• _Instructions for the task_:
Data follows below. Repeat exactly the lines between the line holding "[user=450]wogga[/user] wrote:Just on" and the line holding "Quan vaig arribar", inclusive, and nothing more; drop pictures.

• _Information shown_:
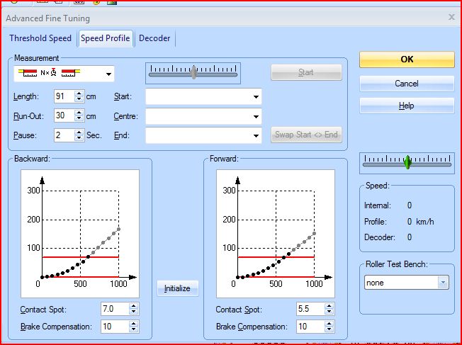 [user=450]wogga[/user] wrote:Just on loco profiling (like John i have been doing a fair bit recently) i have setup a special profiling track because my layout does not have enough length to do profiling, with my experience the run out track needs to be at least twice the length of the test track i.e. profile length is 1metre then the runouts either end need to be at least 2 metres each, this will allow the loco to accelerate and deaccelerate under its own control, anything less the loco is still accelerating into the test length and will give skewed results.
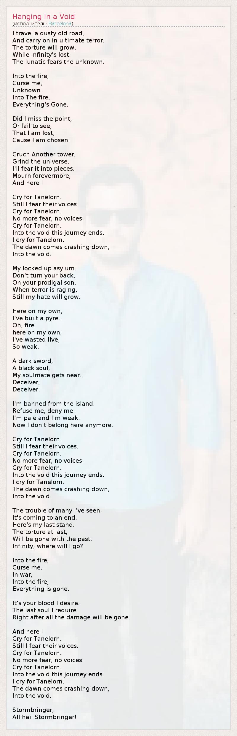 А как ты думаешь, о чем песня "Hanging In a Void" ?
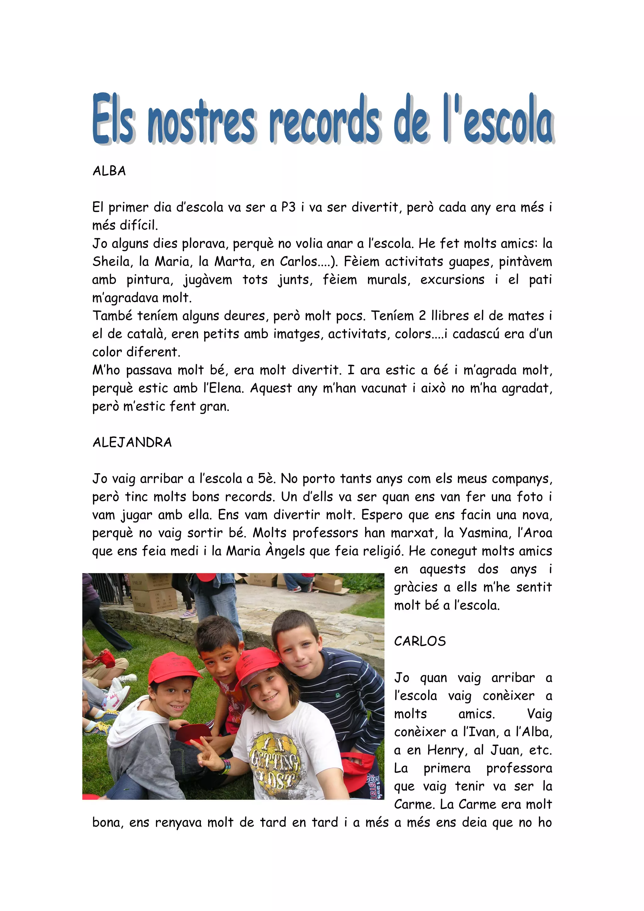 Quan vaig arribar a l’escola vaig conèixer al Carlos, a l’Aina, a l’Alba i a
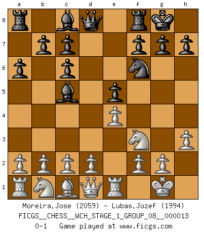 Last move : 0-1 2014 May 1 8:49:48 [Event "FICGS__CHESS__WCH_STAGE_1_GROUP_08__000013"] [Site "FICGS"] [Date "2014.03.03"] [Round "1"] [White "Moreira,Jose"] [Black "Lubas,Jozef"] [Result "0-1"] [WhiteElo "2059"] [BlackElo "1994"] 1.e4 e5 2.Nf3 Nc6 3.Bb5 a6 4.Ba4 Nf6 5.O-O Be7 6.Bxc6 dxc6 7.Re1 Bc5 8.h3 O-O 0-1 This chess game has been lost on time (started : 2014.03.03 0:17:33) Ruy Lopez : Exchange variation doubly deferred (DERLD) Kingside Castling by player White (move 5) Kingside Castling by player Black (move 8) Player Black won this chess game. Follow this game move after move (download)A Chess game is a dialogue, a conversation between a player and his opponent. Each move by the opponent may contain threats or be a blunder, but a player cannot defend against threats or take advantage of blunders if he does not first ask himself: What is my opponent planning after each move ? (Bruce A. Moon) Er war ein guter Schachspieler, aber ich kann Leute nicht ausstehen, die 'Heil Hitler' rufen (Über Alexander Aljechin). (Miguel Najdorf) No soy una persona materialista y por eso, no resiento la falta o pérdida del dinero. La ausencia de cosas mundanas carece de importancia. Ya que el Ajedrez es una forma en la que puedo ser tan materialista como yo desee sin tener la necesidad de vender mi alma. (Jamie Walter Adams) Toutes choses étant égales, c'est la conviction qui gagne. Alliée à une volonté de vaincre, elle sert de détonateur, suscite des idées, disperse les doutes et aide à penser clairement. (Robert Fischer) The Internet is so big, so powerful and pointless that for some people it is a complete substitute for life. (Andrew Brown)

--

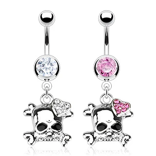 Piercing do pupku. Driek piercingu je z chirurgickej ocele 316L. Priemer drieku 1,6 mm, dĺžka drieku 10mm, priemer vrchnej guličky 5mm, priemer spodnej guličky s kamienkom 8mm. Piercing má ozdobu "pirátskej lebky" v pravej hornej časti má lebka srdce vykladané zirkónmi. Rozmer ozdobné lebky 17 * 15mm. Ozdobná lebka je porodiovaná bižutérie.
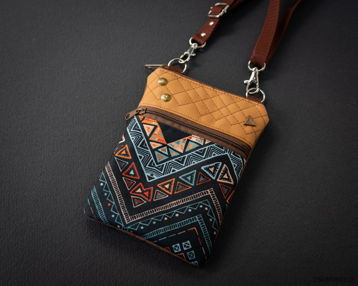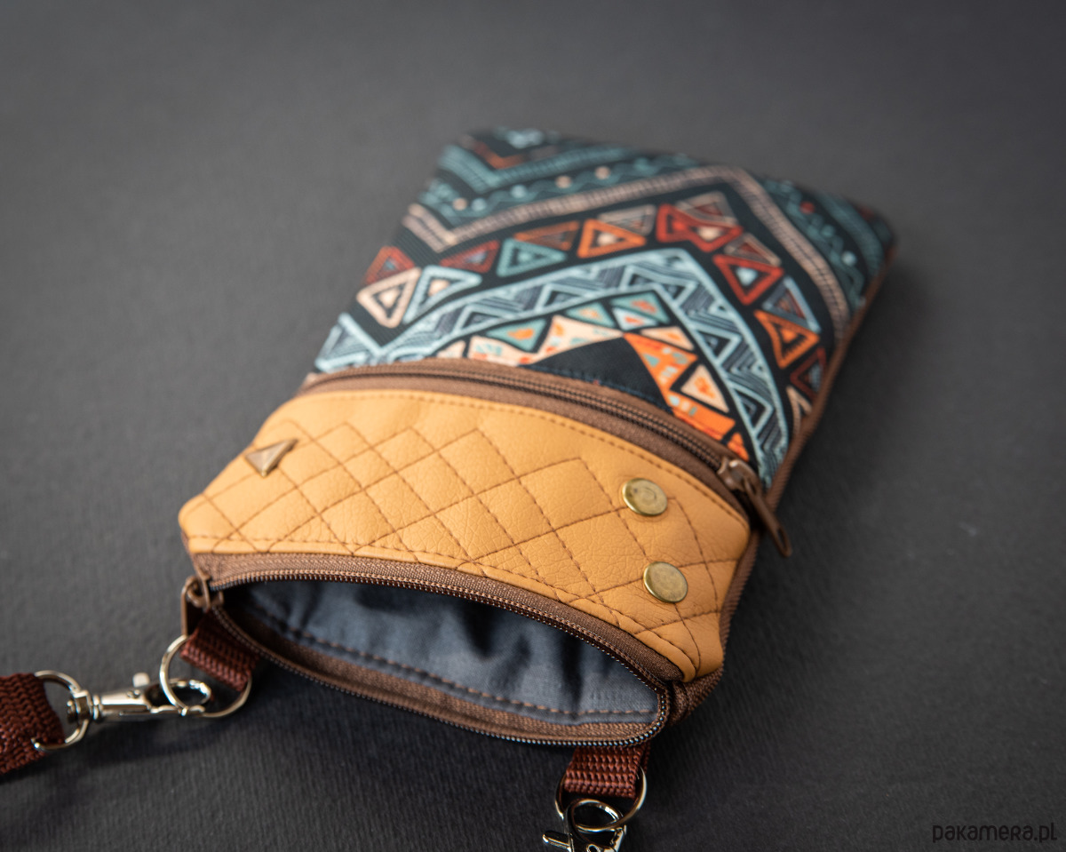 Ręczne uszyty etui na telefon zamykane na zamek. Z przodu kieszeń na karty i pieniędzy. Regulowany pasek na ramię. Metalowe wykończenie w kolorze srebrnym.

--

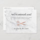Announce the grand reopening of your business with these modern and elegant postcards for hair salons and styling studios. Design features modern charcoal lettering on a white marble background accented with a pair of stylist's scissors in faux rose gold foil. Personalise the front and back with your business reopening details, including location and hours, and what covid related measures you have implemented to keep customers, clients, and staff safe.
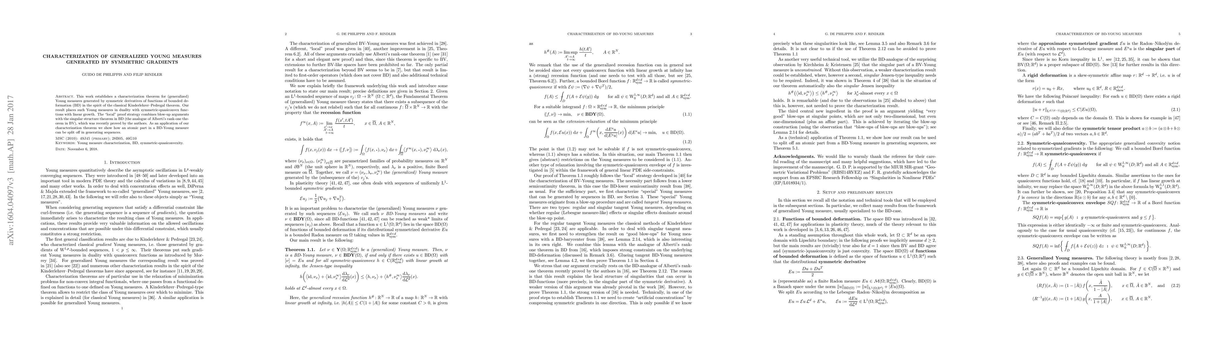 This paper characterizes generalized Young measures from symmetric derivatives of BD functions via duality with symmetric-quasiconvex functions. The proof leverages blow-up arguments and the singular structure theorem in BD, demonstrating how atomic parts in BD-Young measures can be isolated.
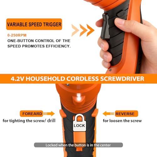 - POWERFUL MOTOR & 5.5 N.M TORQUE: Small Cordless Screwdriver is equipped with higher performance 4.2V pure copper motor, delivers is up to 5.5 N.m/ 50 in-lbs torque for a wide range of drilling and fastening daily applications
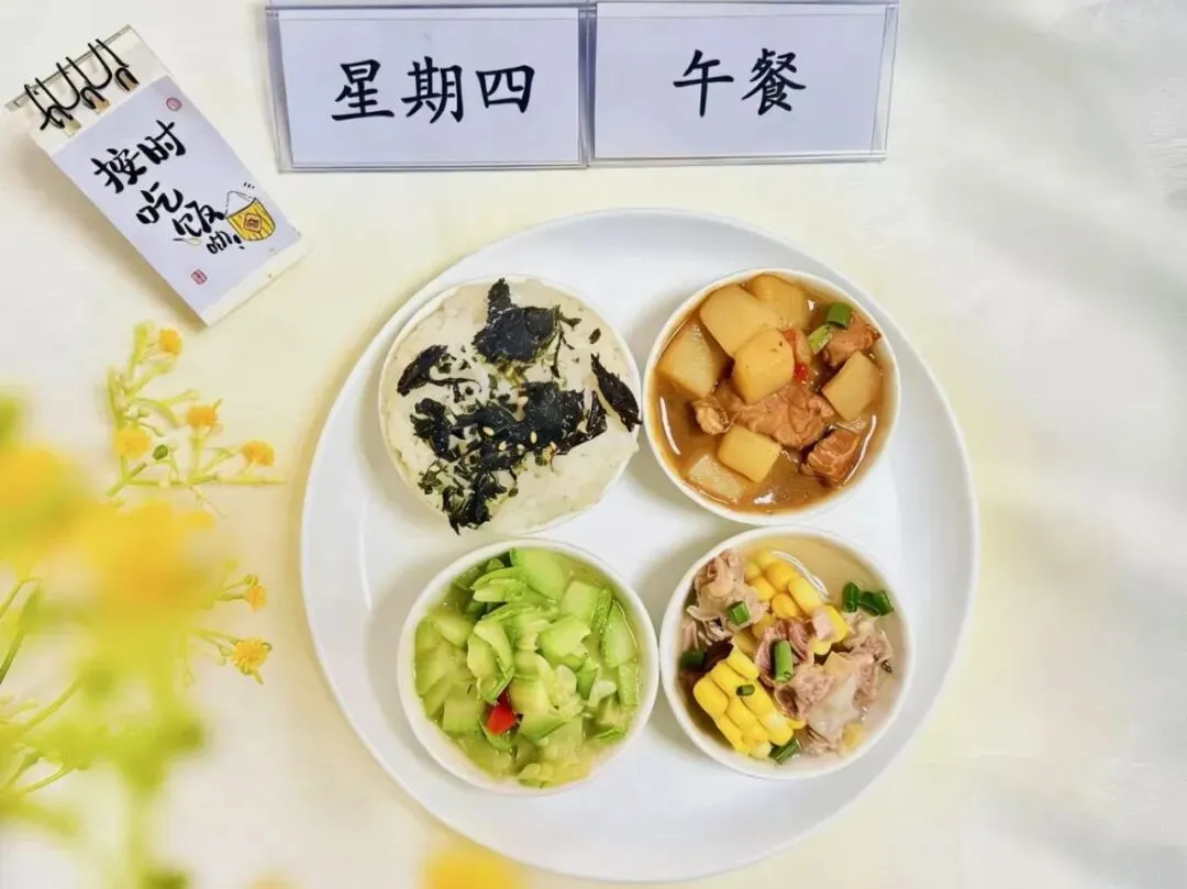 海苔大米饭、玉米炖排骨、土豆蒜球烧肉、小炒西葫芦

• _Finished exercise_:
 [user=450]wogga[/user] wrote:Just on loco profiling (like John i have been doing a fair bit recently) i have setup a special profiling track because my layout does not have enough length to do profiling, with my experience the run out track needs to be at least twice the length of the test track i.e. profile length is 1metre then the runouts either end need to be at least 2 metres each, this will allow the loco to accelerate and deaccelerate under its own control, anything less the loco is still accelerating into the test length and will give skewed results.
 А как ты думаешь, о чем песня "Hanging In a Void" ?
 Quan vaig arribar a l’escola vaig conèixer al Carlos, a l’Aina, a l’Alba i a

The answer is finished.